Approximately 50% of patients with chronic pelvic pain will have a normal laparoscopy. The vast majority of women with endometriosis, chronic pelvic pain and absence of ovarian endometriomata determined by ultrasound will have revised ASRM Stage I or II (peritoneal) disease with preservation of the posterior cul-de-sac. This sparing of the posterior cul-de-sac may offer a preferable route of entry for endoscopic surgery compared to the current standard of care.

Despite all the advantages of laparoscopic surgery, it is not free of risks and pain, and creates scars, which themselves are associated with complications such as abdominal wall hernias and adhesions.

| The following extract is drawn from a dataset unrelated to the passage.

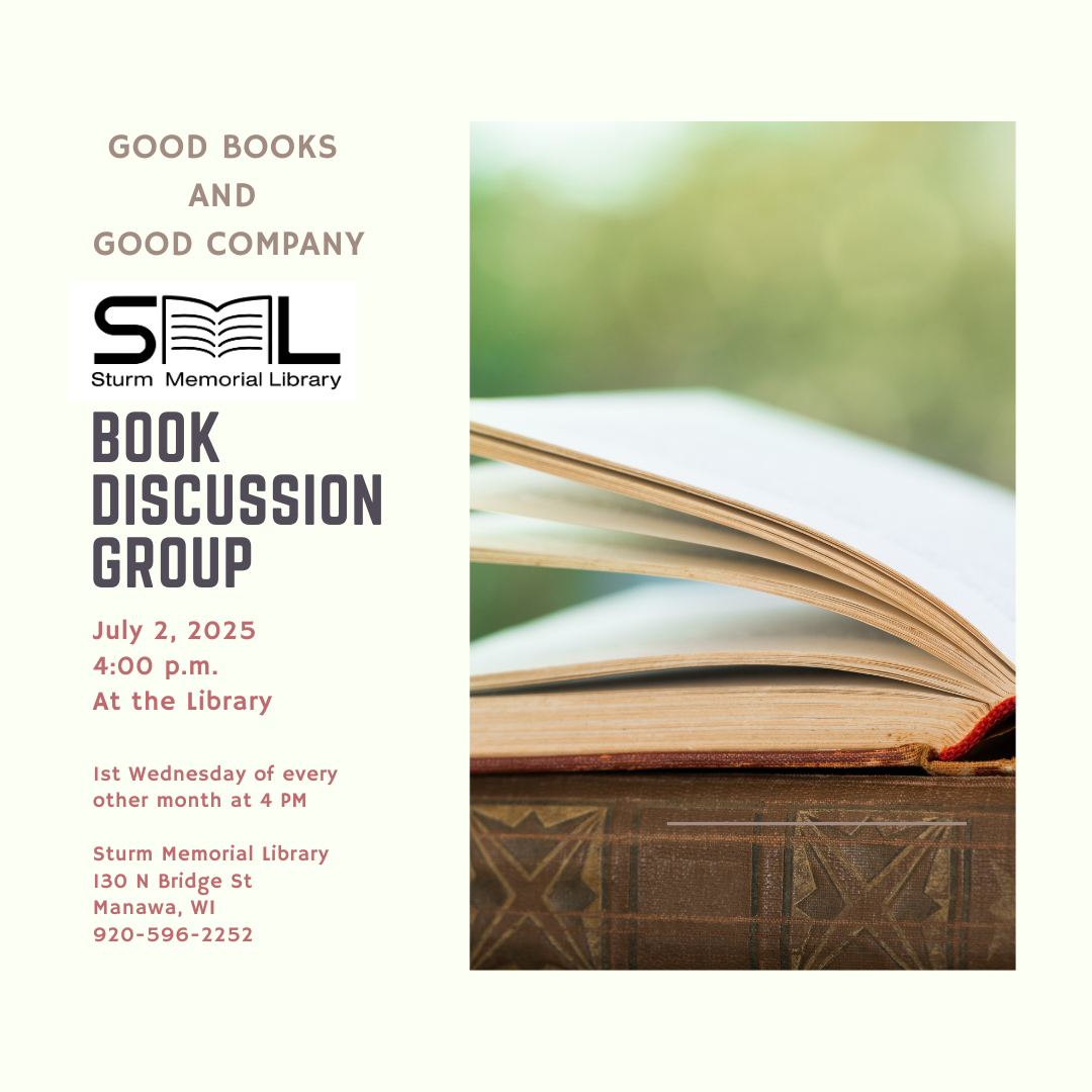 The Sturm Memorial Library Book Discussion Group meets the first Wednesday of every other month at 4:00 p.m.

Within this scenario, a new surgical procedure has emerged, called natural orifice transluminal endoscopic surgery (NOTES). This technique uses existing orifices of the body for introducing optical systems and surgical instruments into the peritoneal cavity by avoiding penetration of the abdominal wall. The expectations are no postoperative pain, optimal cosmesis without any visable scars and shorter recovery similar to therapeutic endoscopy.

Phase 1
Allocation: Non-Randomized
Intervention Model: Single Group Assignment
Masking: Open Label
Primary Purpose: Diagnostic
Pelvic Pain
Procedure: transvaginal diagnostic peritoneoscopy
For patients with pelvic pain, a transvaginal procedure can be done to explore the abdomen. Entering through the vagina, will hopefully decrease the number of ports in the abdomen and decrease pain and healing time.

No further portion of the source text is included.